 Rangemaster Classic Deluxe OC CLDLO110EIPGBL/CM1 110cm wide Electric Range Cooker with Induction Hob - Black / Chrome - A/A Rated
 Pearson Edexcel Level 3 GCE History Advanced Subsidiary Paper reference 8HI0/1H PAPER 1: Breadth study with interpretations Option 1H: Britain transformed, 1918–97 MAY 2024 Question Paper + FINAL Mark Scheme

______

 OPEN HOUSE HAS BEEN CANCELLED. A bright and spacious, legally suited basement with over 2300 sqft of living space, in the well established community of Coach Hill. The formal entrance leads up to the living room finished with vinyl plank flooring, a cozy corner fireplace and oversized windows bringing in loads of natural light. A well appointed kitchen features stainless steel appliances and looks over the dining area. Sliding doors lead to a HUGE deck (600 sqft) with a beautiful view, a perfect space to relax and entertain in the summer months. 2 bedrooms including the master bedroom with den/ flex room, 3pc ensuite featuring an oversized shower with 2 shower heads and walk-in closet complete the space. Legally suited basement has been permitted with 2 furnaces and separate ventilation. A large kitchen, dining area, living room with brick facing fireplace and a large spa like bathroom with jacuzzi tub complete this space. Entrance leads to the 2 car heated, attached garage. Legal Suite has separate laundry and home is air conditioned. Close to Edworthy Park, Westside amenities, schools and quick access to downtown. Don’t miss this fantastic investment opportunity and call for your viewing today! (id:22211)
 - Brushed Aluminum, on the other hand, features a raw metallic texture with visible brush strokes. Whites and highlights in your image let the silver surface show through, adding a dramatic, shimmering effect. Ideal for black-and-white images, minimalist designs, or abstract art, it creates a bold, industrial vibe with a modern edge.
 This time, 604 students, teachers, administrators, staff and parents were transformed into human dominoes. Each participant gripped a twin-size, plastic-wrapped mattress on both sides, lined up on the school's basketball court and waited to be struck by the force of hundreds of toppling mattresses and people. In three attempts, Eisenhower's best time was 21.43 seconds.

______

__PROBLEM DETAILS__. Report back each line of the entries that holds the string "your".

__WRITTEN ANSWER__.
 OPEN HOUSE HAS BEEN CANCELLED. A bright and spacious, legally suited basement with over 2300 sqft of living space, in the well established community of Coach Hill. The formal entrance leads up to the living room finished with vinyl plank flooring, a cozy corner fireplace and oversized windows bringing in loads of natural light. A well appointed kitchen features stainless steel appliances and looks over the dining area. Sliding doors lead to a HUGE deck (600 sqft) with a beautiful view, a perfect space to relax and entertain in the summer months. 2 bedrooms including the master bedroom with den/ flex room, 3pc ensuite featuring an oversized shower with 2 shower heads and walk-in closet complete the space. Legally suited basement has been permitted with 2 furnaces and separate ventilation. A large kitchen, dining area, living room with brick facing fireplace and a large spa like bathroom with jacuzzi tub complete this space. Entrance leads to the 2 car heated, attached garage. Legal Suite has separate laundry and home is air conditioned. Close to Edworthy Park, Westside amenities, schools and quick access to downtown. Don’t miss this fantastic investment opportunity and call for your viewing today! (id:22211)
 - Brushed Aluminum, on the other hand, features a raw metallic texture with visible brush strokes. Whites and highlights in your image let the silver surface show through, adding a dramatic, shimmering effect. Ideal for black-and-white images, minimalist designs, or abstract art, it creates a bold, industrial vibe with a modern edge.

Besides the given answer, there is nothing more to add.